▸ Aim of the exercise
Starting at the top line, print the entries below exactly as they are and skip every picture.

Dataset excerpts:
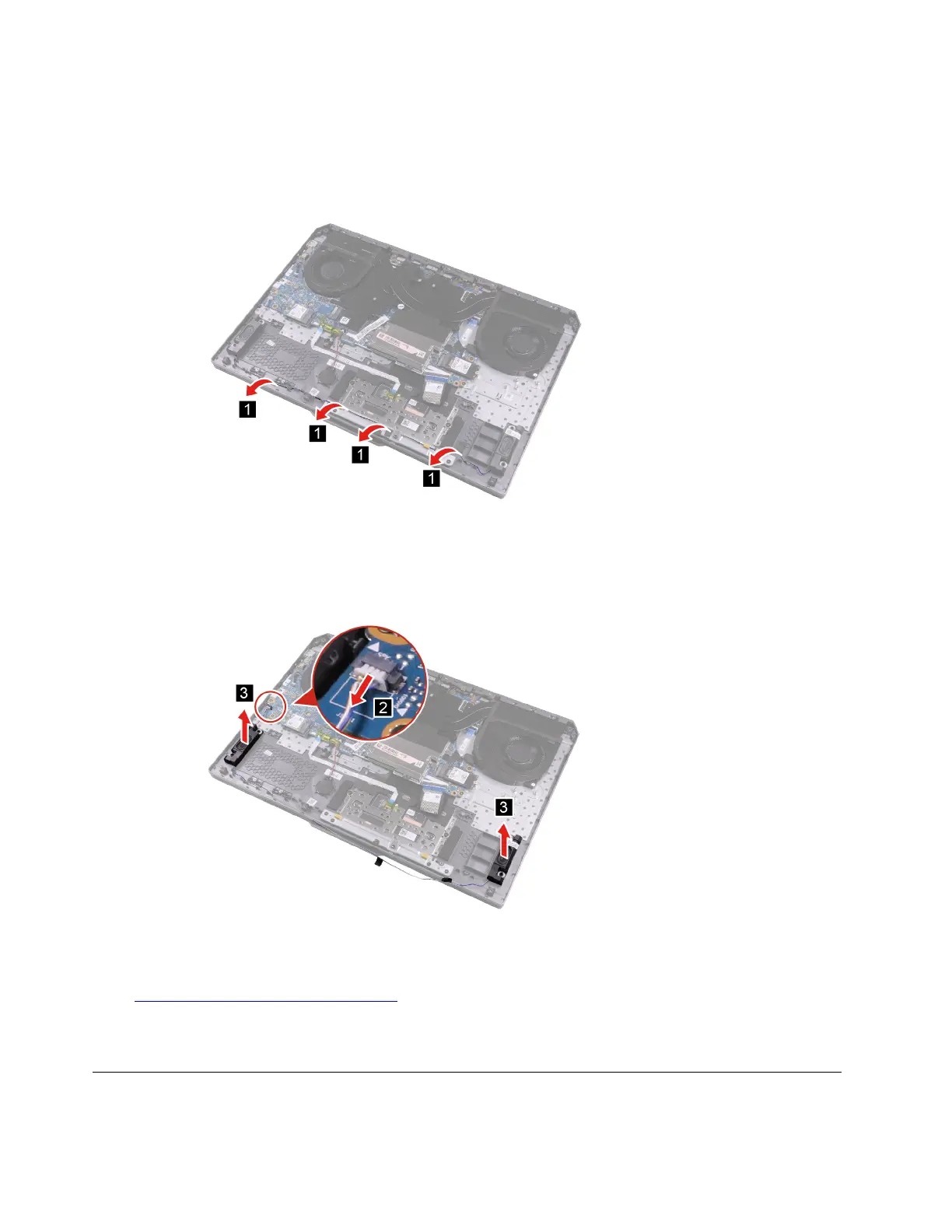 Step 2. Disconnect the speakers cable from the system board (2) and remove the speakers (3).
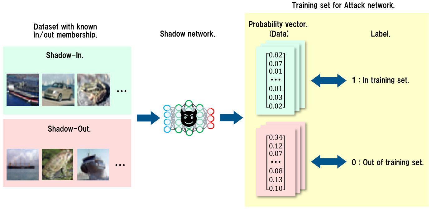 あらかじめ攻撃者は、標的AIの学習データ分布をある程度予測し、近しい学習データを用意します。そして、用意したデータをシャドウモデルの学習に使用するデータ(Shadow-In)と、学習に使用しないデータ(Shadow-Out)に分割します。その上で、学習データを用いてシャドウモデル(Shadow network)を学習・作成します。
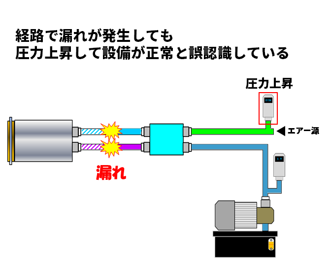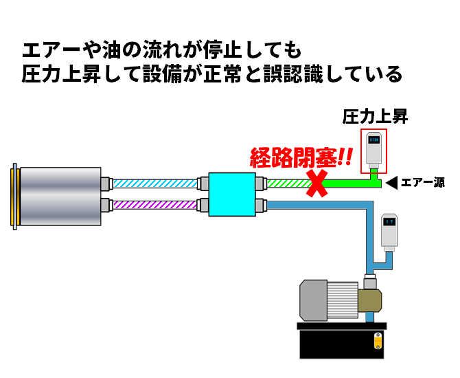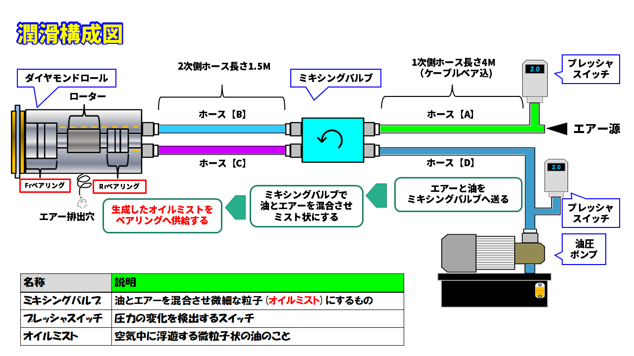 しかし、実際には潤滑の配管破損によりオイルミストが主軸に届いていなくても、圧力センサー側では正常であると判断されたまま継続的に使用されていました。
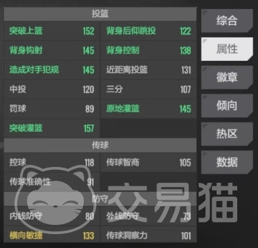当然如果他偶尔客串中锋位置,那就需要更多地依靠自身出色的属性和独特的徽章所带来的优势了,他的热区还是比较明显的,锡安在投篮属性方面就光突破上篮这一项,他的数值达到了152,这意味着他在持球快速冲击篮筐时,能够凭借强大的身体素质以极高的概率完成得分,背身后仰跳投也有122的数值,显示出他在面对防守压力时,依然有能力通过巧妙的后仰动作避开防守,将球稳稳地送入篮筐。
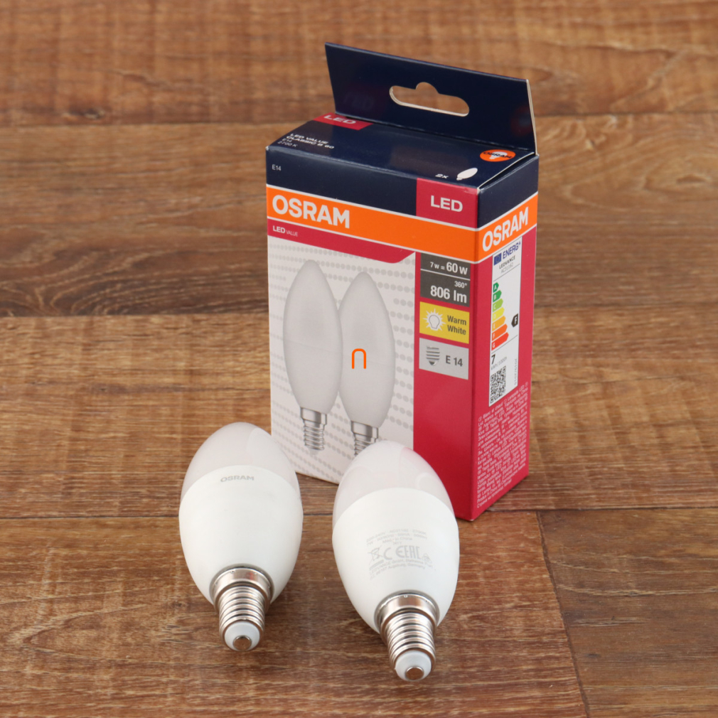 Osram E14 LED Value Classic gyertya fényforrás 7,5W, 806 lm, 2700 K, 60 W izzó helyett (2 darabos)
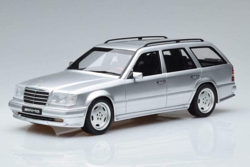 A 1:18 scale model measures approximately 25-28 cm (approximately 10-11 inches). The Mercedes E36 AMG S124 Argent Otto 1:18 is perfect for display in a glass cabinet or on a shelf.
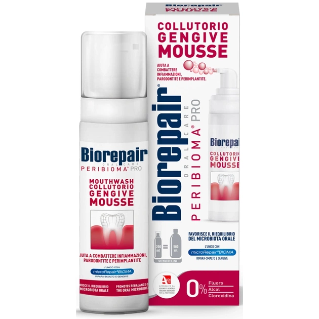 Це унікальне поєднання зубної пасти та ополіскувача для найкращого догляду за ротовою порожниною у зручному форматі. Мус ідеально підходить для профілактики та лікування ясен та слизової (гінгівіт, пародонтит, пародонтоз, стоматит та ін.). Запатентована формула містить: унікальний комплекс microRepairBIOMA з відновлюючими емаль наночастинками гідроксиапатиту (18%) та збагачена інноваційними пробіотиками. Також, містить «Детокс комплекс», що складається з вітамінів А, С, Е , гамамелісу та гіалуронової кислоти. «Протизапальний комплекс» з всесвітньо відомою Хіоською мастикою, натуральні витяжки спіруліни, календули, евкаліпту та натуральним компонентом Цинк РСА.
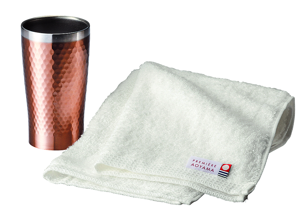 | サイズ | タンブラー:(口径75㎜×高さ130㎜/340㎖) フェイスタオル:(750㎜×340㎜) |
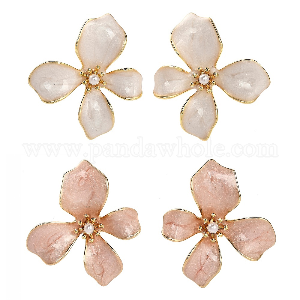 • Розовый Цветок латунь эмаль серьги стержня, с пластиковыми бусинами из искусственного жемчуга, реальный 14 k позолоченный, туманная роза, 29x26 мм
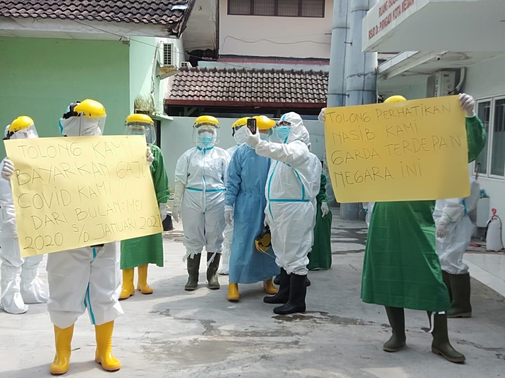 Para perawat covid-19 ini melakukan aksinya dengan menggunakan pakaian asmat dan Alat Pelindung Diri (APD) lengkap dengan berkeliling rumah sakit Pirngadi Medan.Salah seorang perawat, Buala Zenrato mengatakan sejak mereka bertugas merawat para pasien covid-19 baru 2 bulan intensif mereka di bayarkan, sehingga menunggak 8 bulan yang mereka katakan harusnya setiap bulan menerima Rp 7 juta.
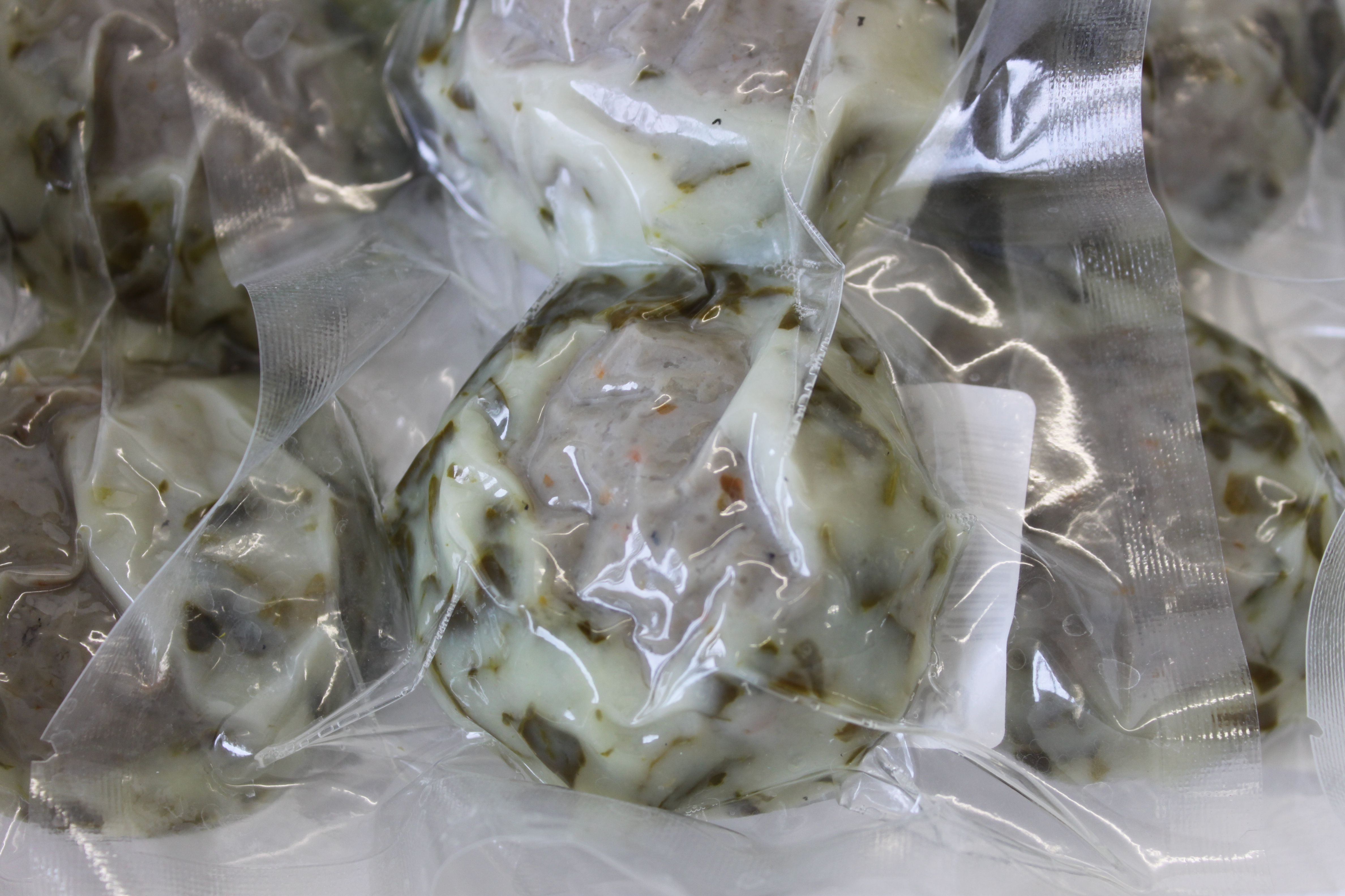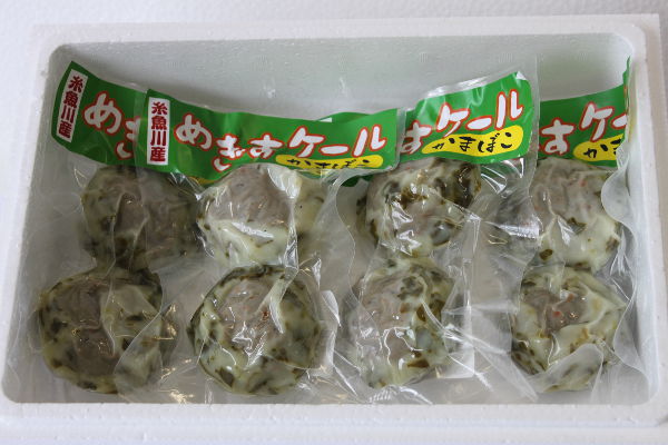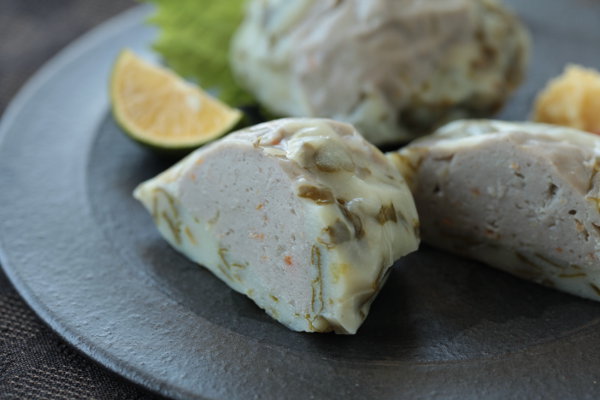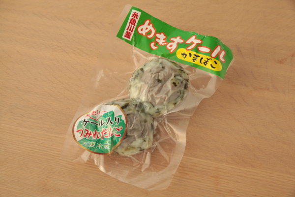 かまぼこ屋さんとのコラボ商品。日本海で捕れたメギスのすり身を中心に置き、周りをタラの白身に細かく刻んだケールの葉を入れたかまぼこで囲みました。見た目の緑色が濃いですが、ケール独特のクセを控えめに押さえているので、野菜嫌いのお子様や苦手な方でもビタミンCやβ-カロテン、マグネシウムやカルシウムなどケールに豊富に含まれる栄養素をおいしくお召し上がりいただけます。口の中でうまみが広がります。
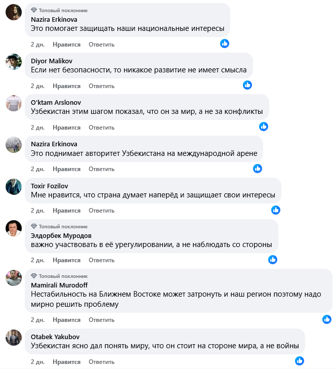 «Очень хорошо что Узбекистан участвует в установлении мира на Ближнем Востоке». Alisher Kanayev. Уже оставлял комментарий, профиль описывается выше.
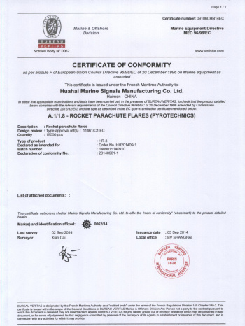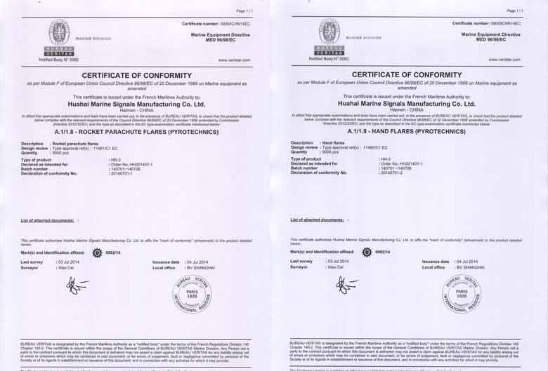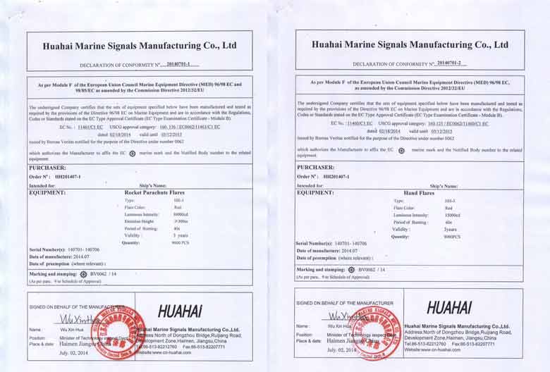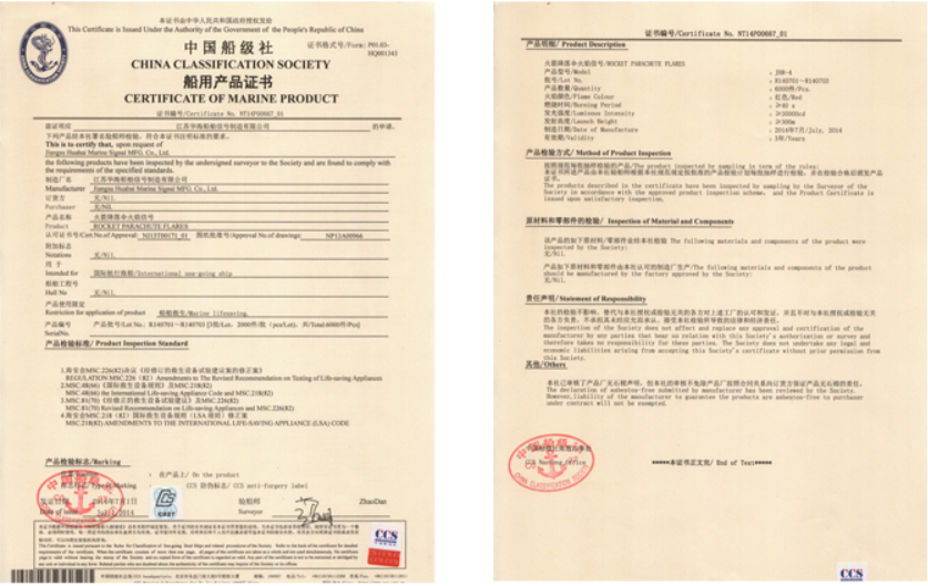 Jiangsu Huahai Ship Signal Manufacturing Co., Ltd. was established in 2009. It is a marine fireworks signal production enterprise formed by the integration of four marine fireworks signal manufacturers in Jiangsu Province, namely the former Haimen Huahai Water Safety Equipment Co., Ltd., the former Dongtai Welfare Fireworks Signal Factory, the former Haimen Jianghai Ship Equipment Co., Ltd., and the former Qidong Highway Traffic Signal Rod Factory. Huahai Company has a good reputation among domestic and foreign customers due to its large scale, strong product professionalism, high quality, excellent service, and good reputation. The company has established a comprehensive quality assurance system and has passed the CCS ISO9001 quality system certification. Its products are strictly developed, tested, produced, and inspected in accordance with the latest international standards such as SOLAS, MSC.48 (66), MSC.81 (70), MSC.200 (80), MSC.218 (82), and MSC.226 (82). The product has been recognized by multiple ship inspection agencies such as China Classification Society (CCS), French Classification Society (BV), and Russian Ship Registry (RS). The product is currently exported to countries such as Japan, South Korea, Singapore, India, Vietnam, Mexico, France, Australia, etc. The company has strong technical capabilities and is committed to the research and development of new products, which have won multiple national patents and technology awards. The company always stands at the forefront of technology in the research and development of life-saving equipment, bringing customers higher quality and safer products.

▸ Solution below
 Step 2. Disconnect the speakers cable from the system board (2) and remove the speakers (3).
 あらかじめ攻撃者は、標的AIの学習データ分布をある程度予測し、近しい学習データを用意します。そして、用意したデータをシャドウモデルの学習に使用するデータ(Shadow-In)と、学習に使用しないデータ(Shadow-Out)に分割します。その上で、学習データを用いてシャドウモデル(Shadow network)を学習・作成します。
 しかし、実際には潤滑の配管破損によりオイルミストが主軸に届いていなくても、圧力センサー側では正常であると判断されたまま継続的に使用されていました。
当然如果他偶尔客串中锋位置,那就需要更多地依靠自身出色的属性和独特的徽章所带来的优势了,他的热区还是比较明显的,锡安在投篮属性方面就光突破上篮这一项,他的数值达到了152,这意味着他在持球快速冲击篮筐时,能够凭借强大的身体素质以极高的概率完成得分,背身后仰跳投也有122的数值,显示出他在面对防守压力时,依然有能力通过巧妙的后仰动作避开防守,将球稳稳地送入篮筐。
 Osram E14 LED Value Classic gyertya fényforrás 7,5W, 806 lm, 2700 K, 60 W izzó helyett (2 darabos)
 A 1:18 scale model measures approximately 25-28 cm (approximately 10-11 inches). The Mercedes E36 AMG S124 Argent Otto 1:18 is perfect for display in a glass cabinet or on a shelf.
 Це унікальне поєднання зубної пасти та ополіскувача для найкращого догляду за ротовою порожниною у зручному форматі. Мус ідеально підходить для профілактики та лікування ясен та слизової (гінгівіт, пародонтит, пародонтоз, стоматит та ін.). Запатентована формула містить: унікальний комплекс microRepairBIOMA з відновлюючими емаль наночастинками гідроксиапатиту (18%) та збагачена інноваційними пробіотиками. Також, містить «Детокс комплекс», що складається з вітамінів А, С, Е , гамамелісу та гіалуронової кислоти. «Протизапальний комплекс» з всесвітньо відомою Хіоською мастикою, натуральні витяжки спіруліни, календули, евкаліпту та натуральним компонентом Цинк РСА.
 | サイズ | タンブラー:(口径75㎜×高さ130㎜/340㎖) フェイスタオル:(750㎜×340㎜) |
 • Розовый Цветок латунь эмаль серьги стержня, с пластиковыми бусинами из искусственного жемчуга, реальный 14 k позолоченный, туманная роза, 29x26 мм
 Para perawat covid-19 ini melakukan aksinya dengan menggunakan pakaian asmat dan Alat Pelindung Diri (APD) lengkap dengan berkeliling rumah sakit Pirngadi Medan.Salah seorang perawat, Buala Zenrato mengatakan sejak mereka bertugas merawat para pasien covid-19 baru 2 bulan intensif mereka di bayarkan, sehingga menunggak 8 bulan yang mereka katakan harusnya setiap bulan menerima Rp 7 juta.
 かまぼこ屋さんとのコラボ商品。日本海で捕れたメギスのすり身を中心に置き、周りをタラの白身に細かく刻んだケールの葉を入れたかまぼこで囲みました。見た目の緑色が濃いですが、ケール独特のクセを控えめに押さえているので、野菜嫌いのお子様や苦手な方でもビタミンCやβ-カロテン、マグネシウムやカルシウムなどケールに豊富に含まれる栄養素をおいしくお召し上がりいただけます。口の中でうまみが広がります。
 «Очень хорошо что Узбекистан участвует в установлении мира на Ближнем Востоке». Alisher Kanayev. Уже оставлял комментарий, профиль описывается выше.
 Jiangsu Huahai Ship Signal Manufacturing Co., Ltd. was established in 2009. It is a marine fireworks signal production enterprise formed by the integration of four marine fireworks signal manufacturers in Jiangsu Province, namely the former Haimen Huahai Water Safety Equipment Co., Ltd., the former Dongtai Welfare Fireworks Signal Factory, the former Haimen Jianghai Ship Equipment Co., Ltd., and the former Qidong Highway Traffic Signal Rod Factory. Huahai Company has a good reputation among domestic and foreign customers due to its large scale, strong product professionalism, high quality, excellent service, and good reputation. The company has established a comprehensive quality assurance system and has passed the CCS ISO9001 quality system certification. Its products are strictly developed, tested, produced, and inspected in accordance with the latest international standards such as SOLAS, MSC.48 (66), MSC.81 (70), MSC.200 (80), MSC.218 (82), and MSC.226 (82). The product has been recognized by multiple ship inspection agencies such as China Classification Society (CCS), French Classification Society (BV), and Russian Ship Registry (RS). The product is currently exported to countries such as Japan, South Korea, Singapore, India, Vietnam, Mexico, France, Australia, etc. The company has strong technical capabilities and is committed to the research and development of new products, which have won multiple national patents and technology awards. The company always stands at the forefront of technology in the research and development of life-saving equipment, bringing customers higher quality and safer products.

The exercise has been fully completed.